A default judgment was entered under case HRE-CG 6479/24 in favour of Zvimba East Veterans Investment Company (Pvt) Ltd ("the company") against FBC Building Society. Five appellants, all associated with the company as directors or stakeholders, alleged that the default judgment was improperly obtained by the 1st respondent (Joe Chimonyo) without the knowledge of the company's other directors. They launched an application in the magistrates' court seeking rescission of that judgment. Because the rescission application was out of time, they first sought condonation for late filing. Crucially, the appellants did not cite the company itself (Zvimba East Veterans Investment Company) as a party to the rescission application. The magistrate upheld a preliminary point that the rescission application was incurably defective due to the non-joinder of the company, and on that basis refused condonation and dismissed the application. The appellants appealed to the High Court.

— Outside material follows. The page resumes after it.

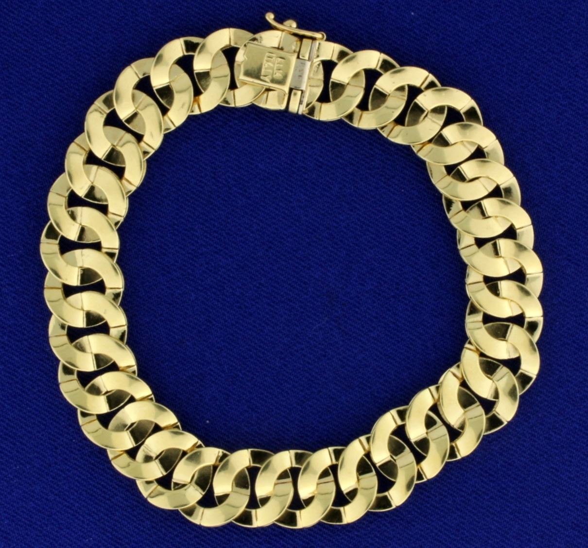 In 14k yellow gold. 7 1/4" long and 10.5mm wide with safety clasp. 25.4g.

The appeal was dismissed with costs.
A party seeking to rescind a default judgment must cite as a respondent the party in whose favour that judgment was granted, as such party has a direct and substantial interest in the subject matter of the rescission application. Failure to cite a judgment creditor in an application to rescind the judgment in its favour constitutes fatal non-joinder. A company is a juristic person distinct from its members or officers, and relief that directly affects a company's legal rights (such as setting aside a judgment granted in its favour) cannot be granted in the absence of the company as a party, regardless of whether directors or shareholders claim to be protecting the company's interests. The principle of audi alteram partem requires that a judgment holder be given an opportunity to be heard before a judgment in its favour is set aside.
The court observed that grounds of appeal that are unnecessarily long, convoluted and prolix do not comply with the requirement that grounds be clear and concise, and such grounds may be viewed as a nullity since a court should not be made to sift through excessive verbiage in search of a valid point. The court also noted in passing that an applicant who litigates in a personal capacity cannot avoid an adverse costs order by later claiming to have been "representing a company," though this point was moot given the outcome of the appeal.
This case reinforces fundamental principles of civil procedure in Zimbabwe (and by extension South African law, which shares the same common-law procedural foundations) regarding joinder of necessary parties and the separate legal personality of companies. It establishes that when seeking to rescind a judgment granted in favour of a corporate entity, that entity must be cited as a party, regardless of any alleged internal irregularities or lack of authority by the person who obtained the judgment on behalf of the company. The case also illustrates the court's intolerance for verbose and prolix grounds of appeal that do not comply with procedural requirements for clarity and conciseness. It serves as an important reminder that directors or shareholders cannot bypass the separate legal personality of a company by suing in their personal capacity to obtain relief that directly affects the company's legal rights without joining the company as a party.